Sage
Staff Emeritus
- 12,533
- United States
- GTP_Sage
A major turnaround, in fact.
For quite a while now (though not anytime recently), I've been an advocate for XHTML & CSS usage for website deployment. However, after reading this and this article (the latter doesn't show up properly in IE, I believe), I've come to the conclusion that 99% of the time, you shouldn't be using XHTML in any flavor.
Why? Here are the short and long explanations:
SHORT
IE can't accept true XHTML, and simply renders it as HTML, so why use something that will be "broken down" anyway?
(REALLY) LONG
In all technicality, XHTML is supposed to be served with a MIME type of application/xhtml+xml. (For those of you unfamiliar with MIME types, this is basically data telling the browser how to handle the document for example, if a document has a MIME type of application/pdf, the browser (or any other program that runs across it) will know to treat it as a PDF file, application/powerpoint as a PowerPoint file, etc.) However, we run into a big problem IE doesn't support application/xhtml+xml. The IE team hasn't included this MIME type, so if IE runs across it, it'll think it's something that you made up, and will turn the XHTML document into useless putty.
So what does 99.9% of the XHTML-using population do? They use a MIME type of text/html, since that's what MIME type you're supposed to send HTML 4 documents as. An XHTML document sent as a text/html document shouldn't be valid, but it doesn't fail the validation test, because the W3C has bent that rule to accommodate IE.
Why did the W3C do this? Why did they break one of their own rules?
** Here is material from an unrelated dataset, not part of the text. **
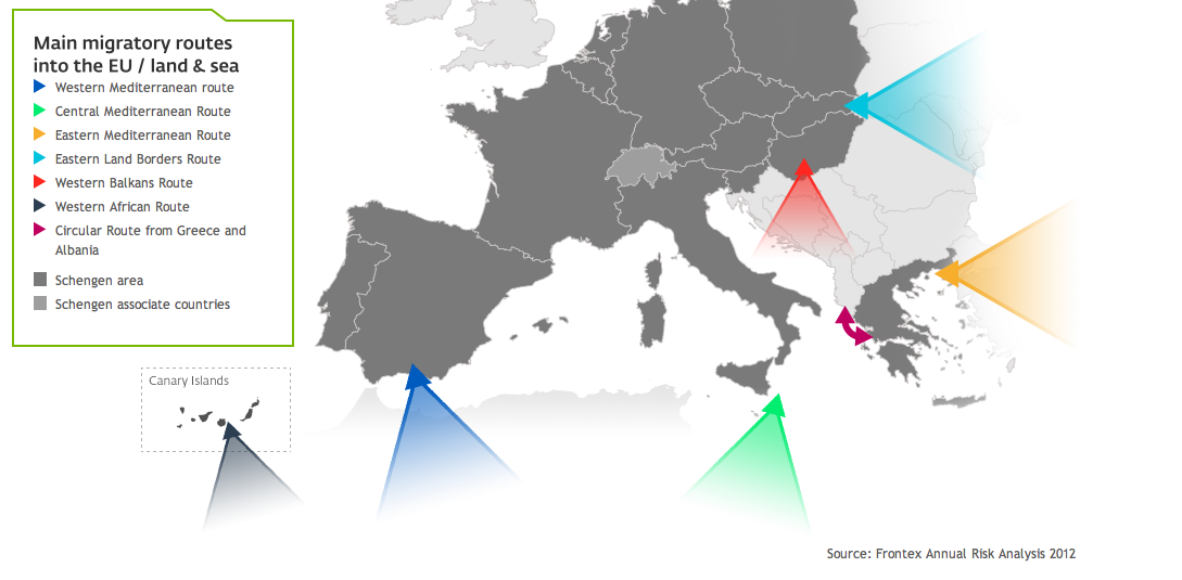 Les principales routes consistent à traverser le Maghreb par les enclaves espagnoles de Melilla et Ceuta, ou à se rendre directement sur la côte sud de l’Espagne; à traverser la Libye et la Tunisie, puis à atteindre la Sicile et atteindre l’Italie via Malte ou la petite île de Lampedusa; et à partir de la Turquie, à traverser le Dodécanèse pour gagner la Grèce ou la Sicile.

My only guess is that they wanted people to adopt XHTML so that they'd get used to the XML syntax, which requires all lowercase, closing tags on everything, a DOCTYPE, etc. If they kept promoting HTML 4 as the current standard, they'd have a harder time getting people to do that stuff.
And "that stuff" is called creating a well-formed document. A well-formed document has all lowercase tags, a closing tag for every opened element, attributes enclosed in quotations, a DOCTYPE, and is made with semantics in mind (meaning that you don't use tables for layout, you don't use <b> when you should use <strong>, etc.).
While XHTML requires that a document be well-formed, HTML doesn't. However, there's no reason that you can't make a well-formed HTML documentfor example, there's no rule saying that you can't have closing paragraph tags (</p>) in a document, even though you can get away without themthe closing tag is optional, but not forbidden.
So, what's my point? If you create an XHTML document, you have to break it, unless you don't mind neglecting 90% of the web browsing population. On the other hand, you can create a perfectly valid and well-formed HTML document. Even worse, an XHTML 1.1 document has to be sent as application/xhtml+xml (the bending of the rules that the W3C made only applies to XHTML 1.0 docs).
Some, myself included (on the Insider site), have tried to circumnavigate this problem by using PHP to send out HTTP Headers asking the browser if it accepts application/xhtml+xml as a MIME type if it doesn't, then a XHTML 1.0 DOCTYPE is printed on the page, and a text/html MIME type sent in the HTTP Header; if it does, then an XHTML 1.1 DOCTYPE gets printed, and a application/xhtml+xml MIME type sent. However, even though the XHTML 1.0 DOCTYPE with a text/html MIME type validates under the W3C's validator, again, it's still technically wrong, because you're sending conflicting information to the browser (telling it in one part of the document that it's supposed to be parsed as XHTML, a subset of XML, while in another part of the document, telling it that it's supposed be be parsed as a text HTML file).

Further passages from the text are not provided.